It’s really exciting to be able to include some spring fruit in your boxes this week! Who doesn’t like fruit?
There’s a fair amount of work that has to happen before we get to harvesting the fruit, as with most of our crops. Strawberry transplants go in the ground in the beginning of September and then must be weeded and tended until they start bearing a crop the next spring. So they take up valuable real estate in the field long before they start paying “rent”. Strawberry plants bear fruit for multiple years but their productivity drops dramatically after the first year, so for us, they’re a one year crop. Note: strawberry jam is back and is available on the web store!
This past month has marked a critical period for our summer and fall fruits (stone fruit like peaches and apricots; the pome fruits like apples and pears; and grapes). The fruit crew has been busy thinning these trees and vines. After harvest, it’s one of the most important fruit activities that we do, as well as one of the most labor-intensive. Thinning means removing a lot (in fact, most!) of the young fruit on a tree. It seems counterintuitive – why would we do this?

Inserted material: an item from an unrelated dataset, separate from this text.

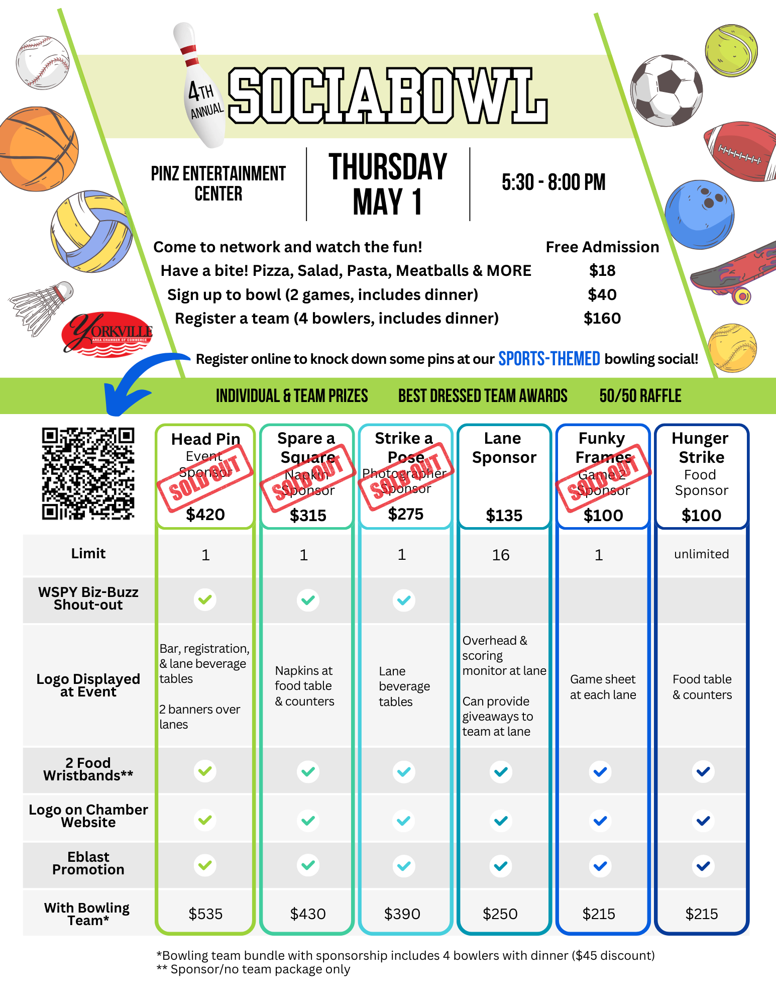 Non-bowlers can still register for several sponsor levels that include 2 wristbands for the dinner buffet. Showcase your business and come out to cheer on the competition!

Thinning improves the size and quality of fruit (higher leaf to fruit ratio – and the leaves are providing carbohydrates for the fruit to develop into sugars) and in very high yield years, it protects the tree limbs from breaking under the weight of the fruit. Additionally, when there are clusters of fruit, it can also help reduce the spread of diseases and mold caused by damp areas between those clusters.

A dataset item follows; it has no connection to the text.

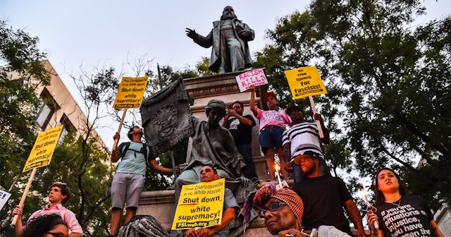 Almost four long years after a “Unite the Right” rally that ended in one death, the statues of Confederate generals Robert E. Lee and Thomas “Stonewall” Jackson have been removed from Charlottesville, Virginia. Kick down that particular roadblock on memory lane — four years of The Orange One’s blatant white supremacy may have helped you forget, America, or maybe you never wanted to remember in the first place. Recap: the Charlottesville City Council voted to remove the Confederate statues. White people across Virginia lost their collective shit, because Heritage Not Hate (code for: Black Erasure), and neo-Nazi scum staged a rally full of vitriol and swastikas. One moral invertebrate drove his car through a group of counter-protesters, killing Heather Heyer and wounding 19 others.

Thinning is a time-sensitive task. If you wait too long, the benefits of thinning don’t materialize and the remaining fruits stay small. And it thinning too early isn’t a good idea either; it can be harmful for certain varieties and fruits might be too small. You’re aiming to remove small, deformed, diseased, or blemished fruit and have left the largest, best looking fruit so if they aren’t developed enough, you can’t tell! It ends up being a mid-April to mid-May activity, based on when the variety blooms. When you leave a tree after thinning, depending on the variety, peaches will be 5-7 inches apart and apricots and plums will be 3-5 inches apart. So there isn’t an exact percentage of fruit that should be left on the tree, but in years with a heavy load of fruit, our team might only leave 10%!
Thinning is a huge job and takes a lot of work, but it isn’t really an option to do it if there’s a decent amount of fruit on the trees. If we didn’t thin, we’d be left with orchards full of small, golf ball-sized peaches, which aren’t something our CSA members, farmers market customers, or other buyers want. We don’t have to thin pomegranate, persimmon, fig, citrus, or nut trees, but that still leaves us with plenty of others to take care of. It’s something that home gardeners with fruit trees can do too and there are several great guides released by University Cooperative Extension’s Master Gardener program that can provide advice.
So – a big thanks to our fruit crew (pictured above are José and Nefi) for all their thinning work now in service of great fruit later on this summer!